Note: DeepSeek V4 has not officially launched as of March 2026. Multiple sources indicate an April 2026 release. The specifications, benchmarks, and model weights referenced in this guide are based on pre-release information and leaks - treat all details as provisional until the official release.

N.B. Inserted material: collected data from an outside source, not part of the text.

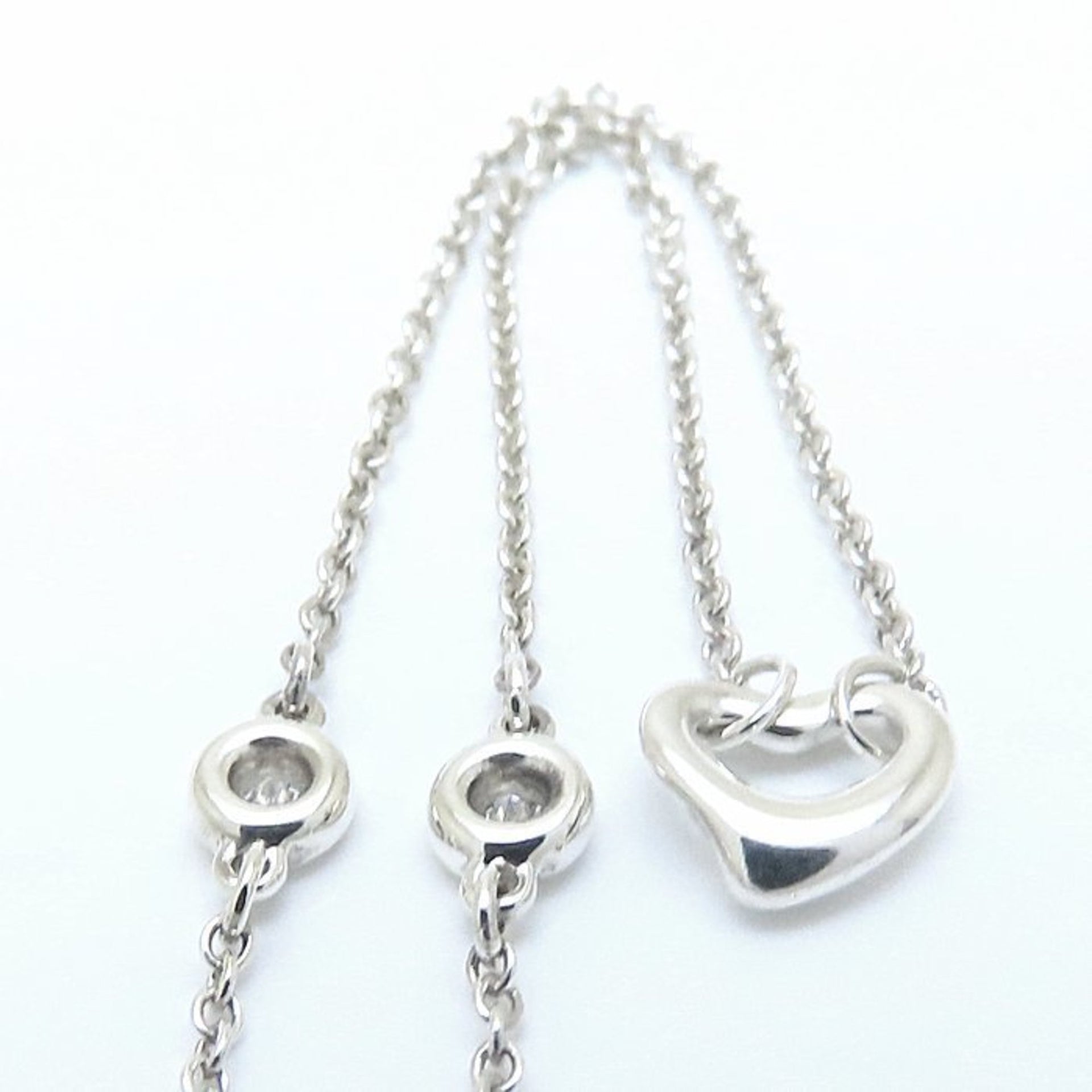 TIFFANY & Co. Tiffany Heart by the Yard Necklace in Sterling Silver with Two Diamonds, Elsa Peretti, Women\'s, 294240
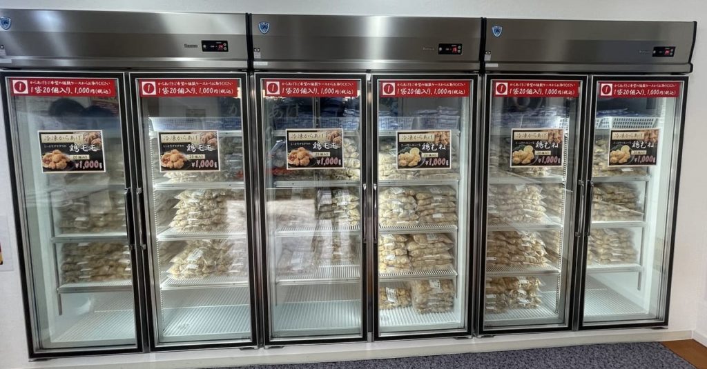 からあげ無人直売所の中には大きい冷凍庫が並んでいます。
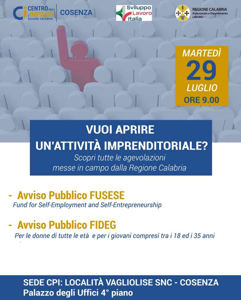 L’occasione è stata fertile per fornire a chi ha un’idea imprenditoriale da realizzare, informazioni, chiarimenti e una prima assistenza sulle tipologie di incentivi e le agevolazioni introdotte dalla Regione Calabria e su come richiederle, ma anche per mettere in luce la presenza di un servizio che il Centro per l’Impiego offre già in maniera consolidata.
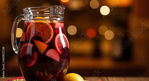 Refreshing Sangria in a Pitcher with Citrus Fruits on a Warm, Festive Background
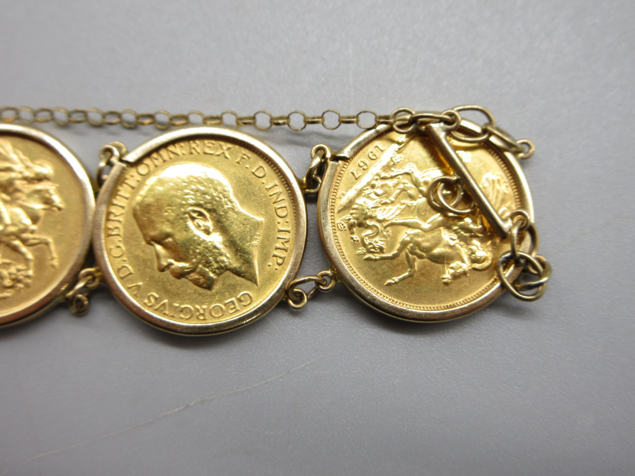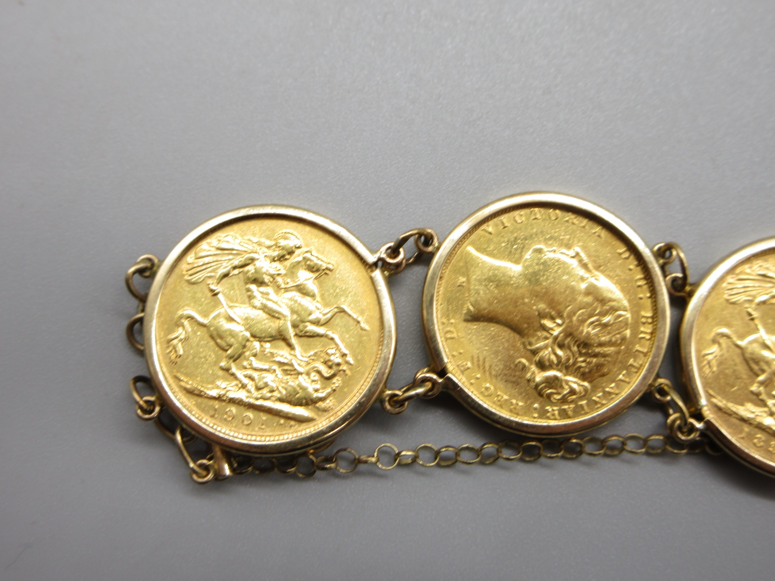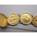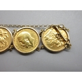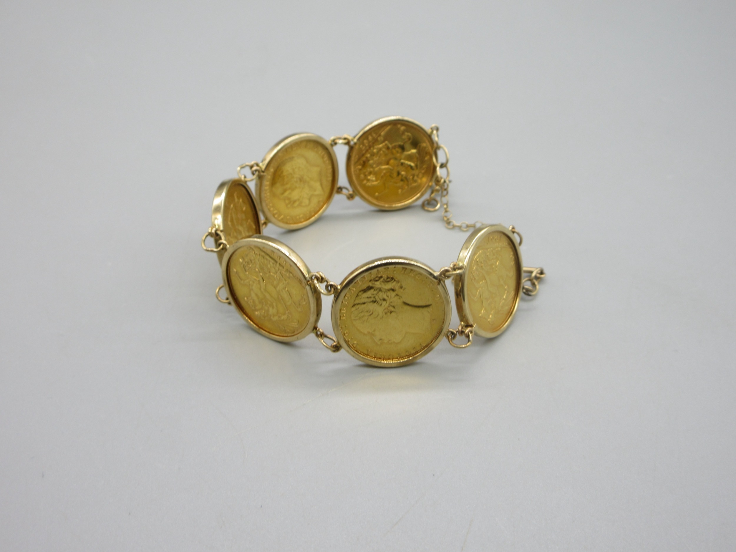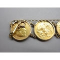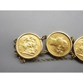 Six sovereigns in 9k/.375 stamped bracelet mounts comprising 1901 1880 1892 1906 1913 & 1967 (56.8g)
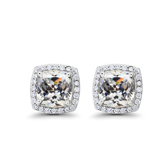 14k White Gold Plated 3 Ct Created Halo Princess Cut White Sapphire Stud Earrings
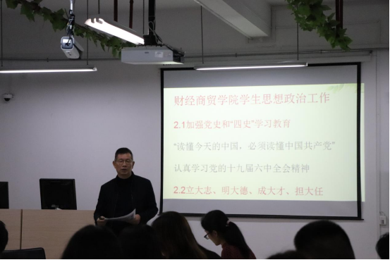 2021年12月8日,财经商贸学院党委副书记林照兴在实训楼八楼商务谈判室,向全体院学生两委干部上了一堂生动的思想政治课。
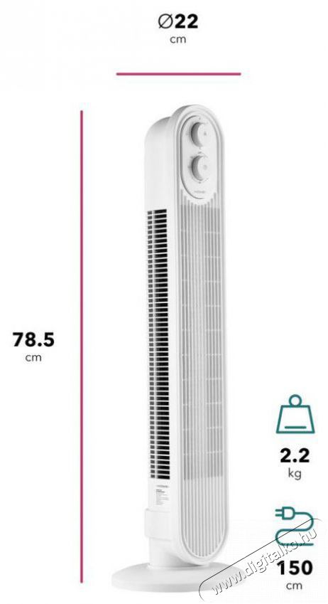 Kompakt és könnyű ventilátorTedd kellemesebbé a forró nyári napokat a Home FN-T600W Easy Breeze oszlopventilátorral, amely automatikus 70°-os vízszintes oszcillációt, 3 sebességfokozatot, időzítőt vagy egyszerű kezelést kínál. Kompakt és könnyű kialakításának köszönhetően, amely kevesebb mint 80 cm magas, könnyen szállítható, és ideális választás még kisebb helyiségekben is.
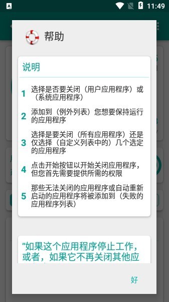 4、点击开始按钮以开始关闭应用程序,但您首先需要提供所需的权限。
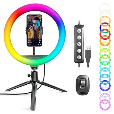 The 10″ RGB Color Changing LED Ring Light is a fantastic addition to any content creator’s toolkit. Its high-quality LED lighting and customizable RGB mode ensure optimal illumination for various applications. The convenience of USB power and a remote shutter enhances ease of use, while the adjustable gooseneck and universal phone holder offer flexibility. The compact size of the mini tripod stand makes it suitable for various environments. The only drawback is its limited compatibility with wider smartphones. Overall, this versatile and affordable lighting solution is perfect for TikTok, makeup tutorials, live streaming, and more.
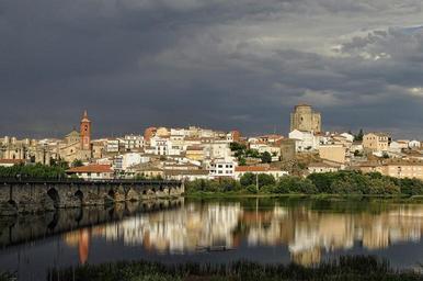 Keywords: landscape river reflection alba de tormes municipality salamanca province spain river tormes peaceful water scenic panorama europe cloudy sky outdoor cityscape town
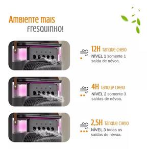 Mini ventilador umidificador climatizador portátil 110v/220v Você pode usar o pequeno refrigerador de ar evaporativo durante todo o ano, resfriando-o no verão quente e umidificando o ar no outono e inverno secos. Um tanque cheio de água pode continuar pulverizando continuamente por 2,5 a 12 horas dependendo da velocidade . Velocidades de vento ajustáveis e temporização automática: 3 velocidades de vento alta, média, baixa podem ser ajustadas manualmente para cima e para baixo para ajustar a direção do sopro dentro de 60 c para atender às suas diferentes necessidades. Três horários automáticos 1/2/3h , você pode escolher o mais adequado para aproveitar seu tempo livre, dormir ou trabalhar. 7 luzes coloridas e baixo ruído: o ventilador de névoa tem 7 cores suaves e 1 opção de desbotamento no total. Coloque-o na sala de jantar ou na mesa de centro para criar uma atmosfera romântica. O ventilador de mesa pode funcionar poderosamente com baixo ruído, permitindo que você desfrute de um sono confortável a noite toda com a temperatura certa. Design removível e design de alça: o design removível ajuda você a limpar mais facilmente seu tanque de água e adicionar água e cubos de gelo no recipiente de água; alça portátil, você pode carregá-la facilmente, muito adequada para residências, escritórios, piqueniques ao ar livre, etc. Fonte de alimentação e métodos de economia de energia: basta conectar o cabo usb aos dispositivos que suportam a porta usb. Além disso, o ventilador de ar portátil opera com baixo consumo de energia, portanto, você não deve esperar os mesmos resultados de um ar condicionado. Características do produto: Tipo de luz: 7 luzes led Funções: ventilador / umidificador / aromatizador Tempo de pulverização: 2,5h - 12h modo umidificador Temporizador: pode desligar em 1h, 2h ou 3h Cuidados: não desmonte o produto; evite deixar cair no chão; Ficha técnica: Peso: 726g aprox. Potência: máx.10w Tensão: 5v Corrente: 2a Capacidade do reservatório de água: 600ml Tipo de conexão: usb tipo c O que vem na caixa: 1 mini ventilador portátil 1 cabo de alimentação 1 manual de instruções Cores conforme disponibilidade em Marca: Não Informado
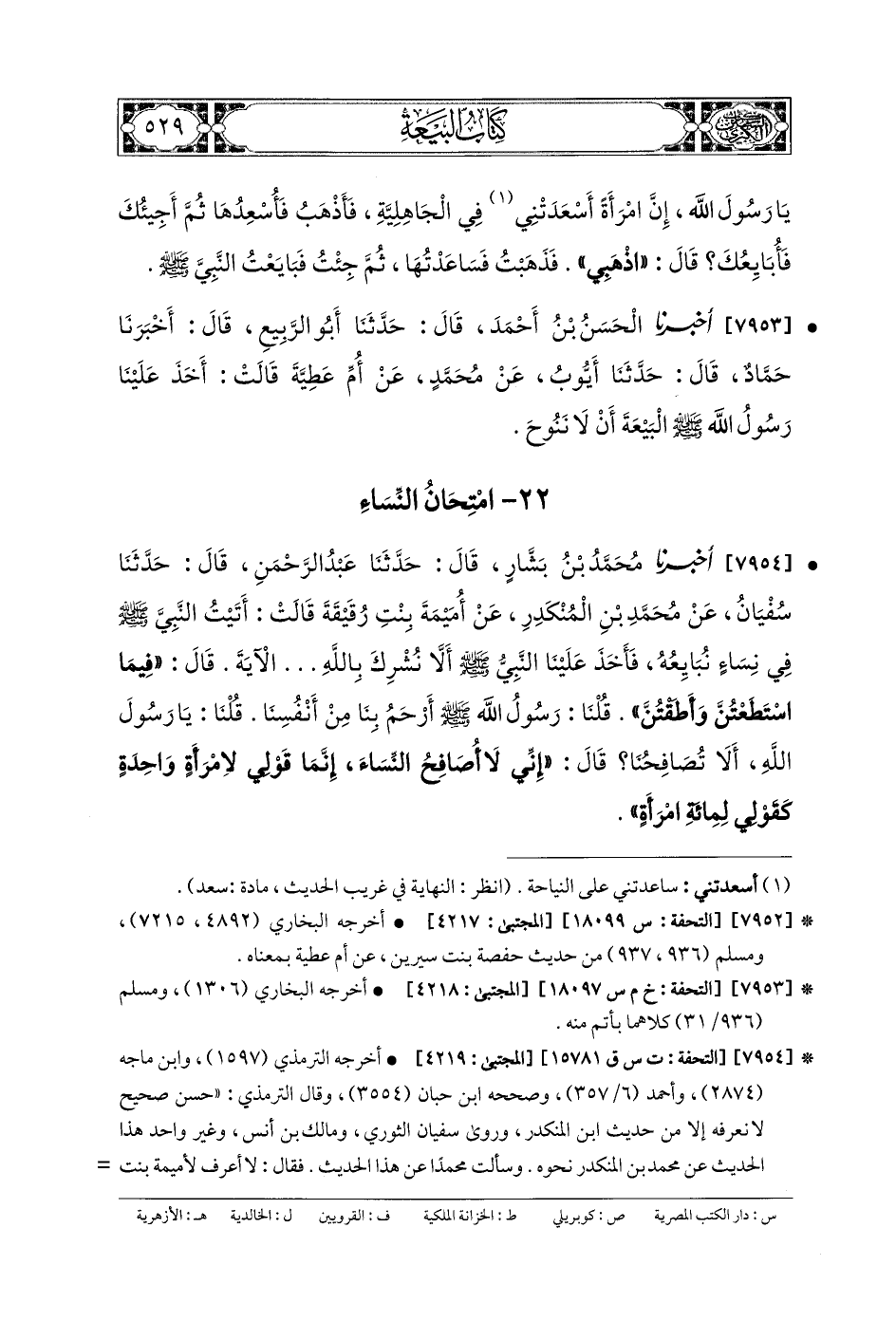 7953- أَخبَرنا الحَسَنُ بنُ أَحْمَدَ، قَالَ: حَدَّثنا أَبو الرَّبِيعِ، قَالَ: أَخبَرنا حَمَّادٌ، قَالَ: حَدَّثنا أَيوبُ، عَن مُحَمدٍ، عَن أُمِّ عَطِيَّةَ، قَالَتْ: أَخَذَ عَلَيْنَا رَسُولُ اللهِ صَلى الله عَلَيهِ وسَلم البَيْعَةَ أَنْ لا نَنُوحَ.
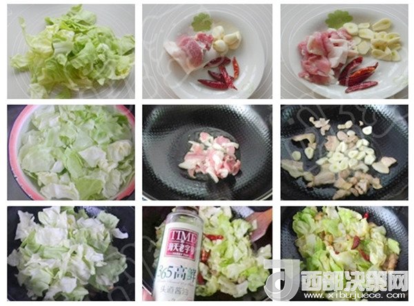 1、包菜撕小塊,用淡鹽水浸泡洗凈。
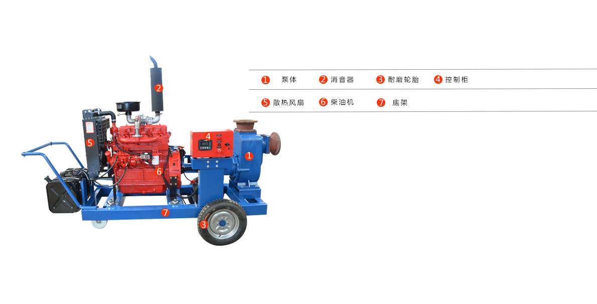 1.手推式強自吸移動泵車主要由真空輔助裝置、柴油機動力包、柴油機專用油箱、泵傳動系統、設備底座、自吸泵總成、防雨設施、起動裝置、起動電源裝置、進水管總成、出水管總成、二輪移動拖車系統、快速起吊裝置等組成。
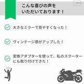 【材質】ミラーを覆うシェル(ミラーカバー)部分:ステンレス、ロッド部分:クロームメッキスチール、ミラー:ガラス鏡、【備考】正ネジ8mm取付変換アダプターを付属
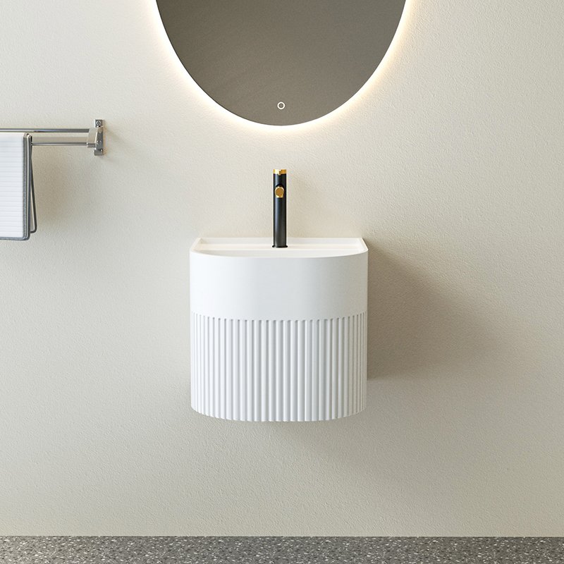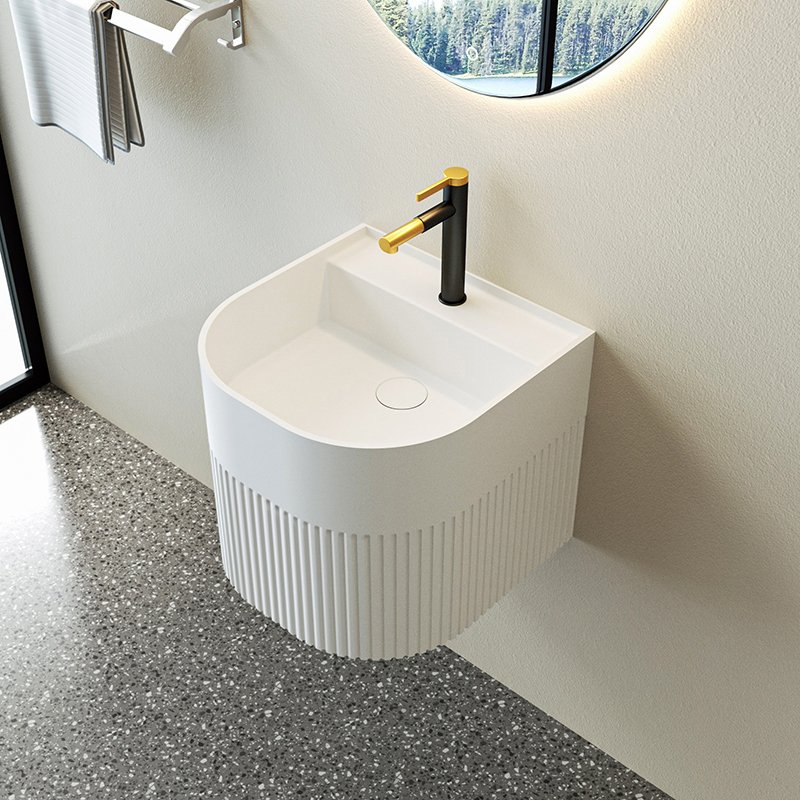 The KKR-1625 is a wall-hung solid surface sink designed with a soft curved front profile and vertically fluted exterior, creating a refined balance between architectural detail and minimalist form.
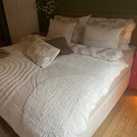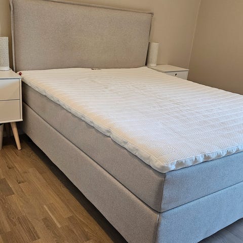 Oslo kontinentalseng 150x200 cm i tekstil Mito 40 lys grå er til salg til en god pris. Ut av hele senge kun madrass og overmadrass er i bruk resten fortsatt står i original pakninger. Denne varianten leveres med en 8 cm tykk Oslo overmadrass og med sorte ben. Vi kjøpte ny fra skeider for gjesterom i juli men endret behov. Ny seng koster 13999 i lysgrå farge men jeg selger billig for 5990
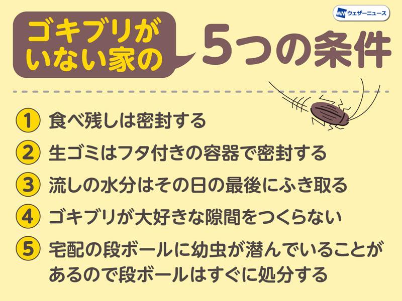 ゴキブリがいない家にするための5つの方法とは - ウェザーニュース。
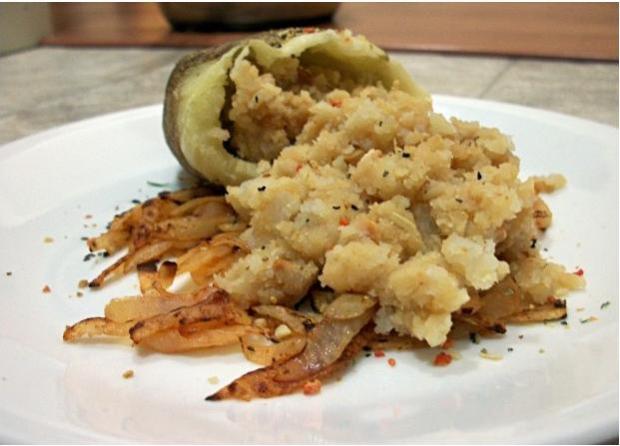 Assuming your hash browns are done, go ahead and dump them onto a plate. They’ll be super hot, so it’ll be good to let them cool for a bit. While they’re cooling, coat the inside of the potato skin with salt and re-add the potato/peanut butter mixture to the inside. Put the skin on top of the hash browns, then sprinkle the whole mixture with Mrs. Dash. Me being me, I can’t taste Mrs. Dash very well at all, but I added it anyway for a little color. I don’t really know how it tastes with the spices, so omit it if you want.
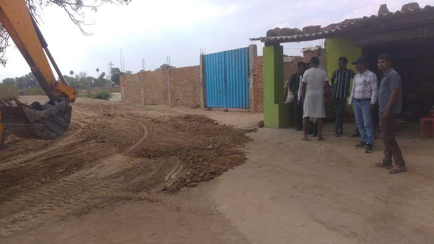 पुरानी सड़क के बीचोंबीच खोदी गई नींव, फुनगा में अतिक्रमण पर नहीं लग रहा लगाम
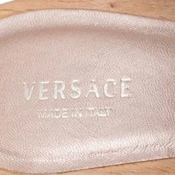 Comfort and style come together to define this pair of slide sandals from Versace. Crafted from leather, the open-toe platform slides have been designed with 11 cm heels and gold-tone signature accents on the vamps.
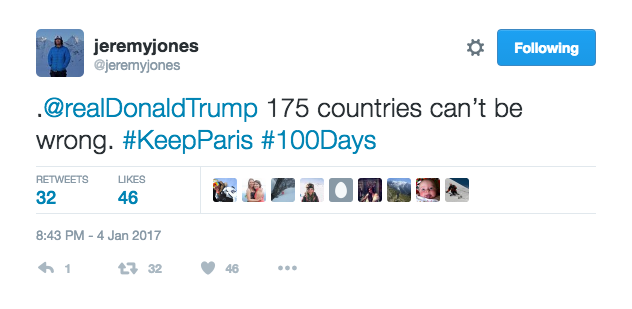 The #KEEPPARIS hashtag emerged overnight, and the project intends to get it trending on Twitter today (5th January) , and through the night, in a bid to, at least, get Trump to take notice of, if not climate change – which he famously denies exists – then recognise the voice and will of a large group of American people.
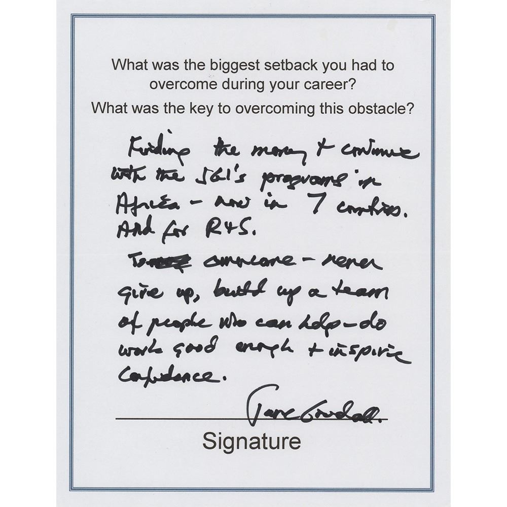 Handwritten statement signed "Jane Goodall," one page, 8.5 x 11, no date. Goodall responds to an inquiry about the greatest obstacle in her career, in part: "Finding the money to continue with the JGI's programs in Africa—now in 7 countries…To overcome—never give up, build up a team of people who can help—do work good enough to inspire confidence." In fine condition.

This is a preparation guide for deploying DeepSeek V4 once it launches: an expected 1-trillion-parameter Mixture-of-Experts model with an estimated ~37B active parameters per token (some sources report ~32B). It is expected to set new benchmarks on coding tasks and multi-step agentic workflows, and the weights are expected to be open. This guide covers the anticipated deployment path: hardware selection, vLLM configuration with expert parallelism, and tuning for production throughput.
What Is DeepSeek V4
DeepSeek V4 is a sparse MoE model. Total parameter count is 1 trillion, but only 37B activate on any given forward pass. The model uses a top-K routing mechanism to select which experts process each token, which keeps inference compute roughly constant regardless of total model size.
Key benchmark highlights (based on leaked/claimed pre-release results - not independently verified):
- Claimed top scores on HumanEval and LiveCodeBench, ahead of GPT-4o on competitive programming tasks
- Strong performance on GAIA and SWE-bench multi-step agent benchmarks, with meaningful claimed gains over V3
- Note: AIME 2025 and IMO-level math results widely cited in coverage of DeepSeek models were achieved by DeepSeek R1 and Math-V2, not V4; V4 math results are unconfirmed
Compared to DeepSeek V3, V4 scales up from 671B to 1T total parameters while keeping a similar active parameter design (37B per the initial leaks, though some sources report ~32B using a Top-16 routing strategy - treat this as uncertain until official release). That means you pay more in storage and weight-loading costs but not in per-token compute. The context window is reported to increase to 1M tokens via DeepSeek Sparse Attention, up from 128K in V3.
For background on why active parameter count doesn't reduce memory requirements, see our GPU memory requirements guide for LLMs.
GPU Hardware Requirements for DeepSeek V4
The full model weights at FP8 precision require approximately 500GB of VRAM. BF16 doubles that to ~1TB. You need to account for the weights, KV cache, and activation memory when picking your cluster size.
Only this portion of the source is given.